Artur Akavov

Personal information
- Nickname: Wolverine
- Nationality: Russian
- Born: Artur Akavov 14 December 1985 (age 40) Novocherkassk, Russian SFSR, Soviet Union
- Height: 1.76 m (5 ft 9 in)
- Weight: Middleweight

Boxing career
- Stance: Southpaw

Boxing record
- Total fights: 24
- Wins: 20
- Win by KO: 9
- Losses: 4

= Artur Akavov =

Russian boxer

Artur Akavov (born 14 December 1985) is a Russian professional boxer who has challenged twice for the WBO middleweight title in 2016 and 2019.

==Professional career==
Akavov boxed at various European national championships as an amateur before turning professional. In May 2014, Akavov won the minor WBO European title and went on to defend it three times.

=== Akavov vs. Saunders ===
Akavov had a record of 16-1 by 2016 and obtained a top ten ranking by the WBO, which eventually led to his opportunity to fight for a world title.
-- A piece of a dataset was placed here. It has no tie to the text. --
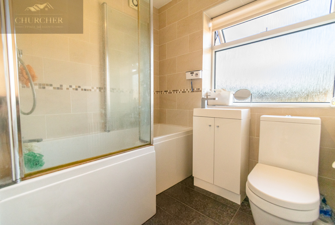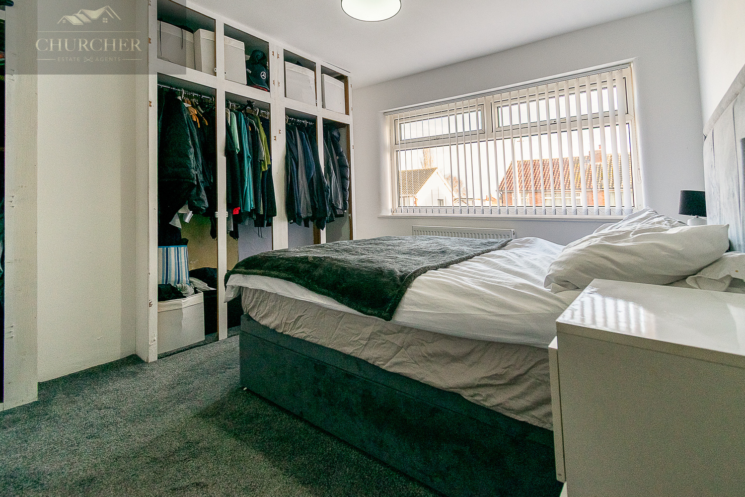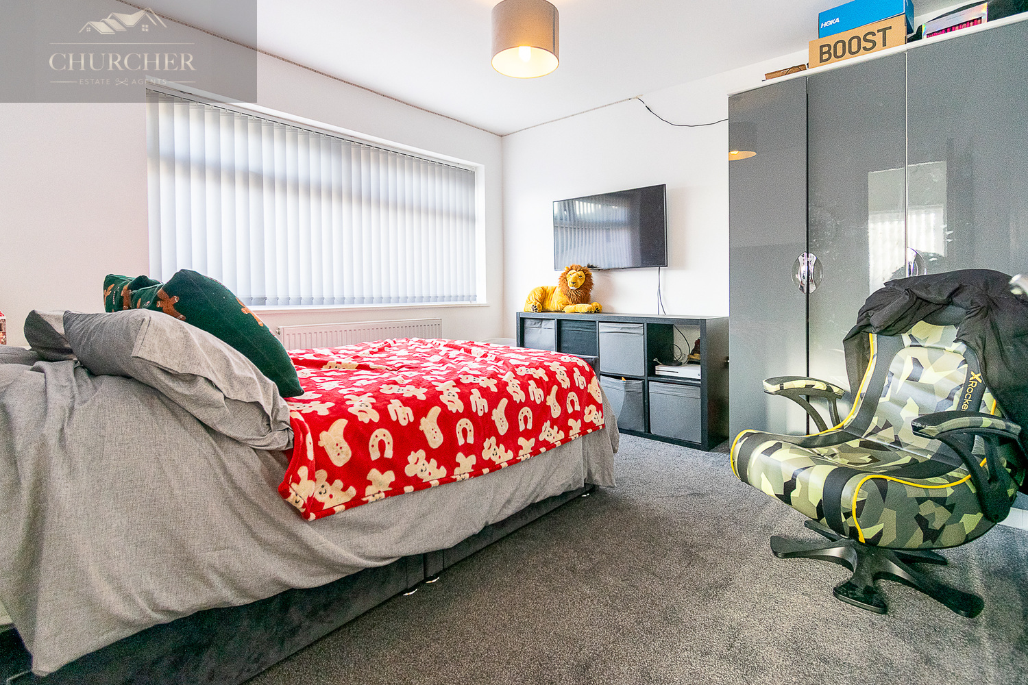 Upstairs, the main bedroom sits to the front and provides excellent proportions along with a substantial built-in wardrobe area, making it both spacious and practical. The second bedroom is also a generous double, featuring a wide window that allows natural light to pour in, offering plenty of room for a double bed and storage. The third bedroom is ideal as a children’s room, guest room, or home office.

The WBO middleweight champion Billy Joe Saunders was under pressure to make the first defence of the title he'd won by defeating Andy Lee almost a year previously. A hand injury to Saunders and two cancelled defences earlier in the year lead to Akavov being offered the fight, with the fight originally scheduled to take place on 22 October at the Motorpoint Arena in Cardiff. A muscle injury to Saunders then meant the fight was rescheduled for 26 November, before visa issues for Akavov caused the fight to be put back a further week to 3 December and the venue changed to the Paisley Lagoon Centre near Glasgow, Scotland.
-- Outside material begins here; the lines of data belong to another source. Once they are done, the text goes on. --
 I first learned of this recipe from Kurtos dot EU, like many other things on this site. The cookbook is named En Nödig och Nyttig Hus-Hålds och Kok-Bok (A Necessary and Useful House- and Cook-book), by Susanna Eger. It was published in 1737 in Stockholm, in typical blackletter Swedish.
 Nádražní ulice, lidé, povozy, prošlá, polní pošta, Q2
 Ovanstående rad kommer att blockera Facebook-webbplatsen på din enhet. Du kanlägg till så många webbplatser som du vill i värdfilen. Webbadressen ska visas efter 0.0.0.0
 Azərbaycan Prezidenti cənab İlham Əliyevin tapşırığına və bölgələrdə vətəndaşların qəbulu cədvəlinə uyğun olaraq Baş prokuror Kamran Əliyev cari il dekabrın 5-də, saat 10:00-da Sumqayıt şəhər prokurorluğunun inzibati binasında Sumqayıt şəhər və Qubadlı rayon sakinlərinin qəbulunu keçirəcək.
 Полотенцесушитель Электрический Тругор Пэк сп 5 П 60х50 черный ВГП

The fight was fairly close for the first six rounds, with Saunders coming on strong for the next four rounds which seemed to tire him somewhat for the last two. Saunders claimed a unanimous decision after the full twelve rounds to retain his title, with the three judges scoring it 116-112, 116-113 and 115-113 in his favour. After the fight Saunders apologised to his fans, describing his performance as "flat" and "terrible". Many observers felt the decision could have gone either way, with the CompuBox final punch stats stating that Saunders landed 82/579 of punches to Akavov's 81/624, with both fighters outlanding the other in six rounds each.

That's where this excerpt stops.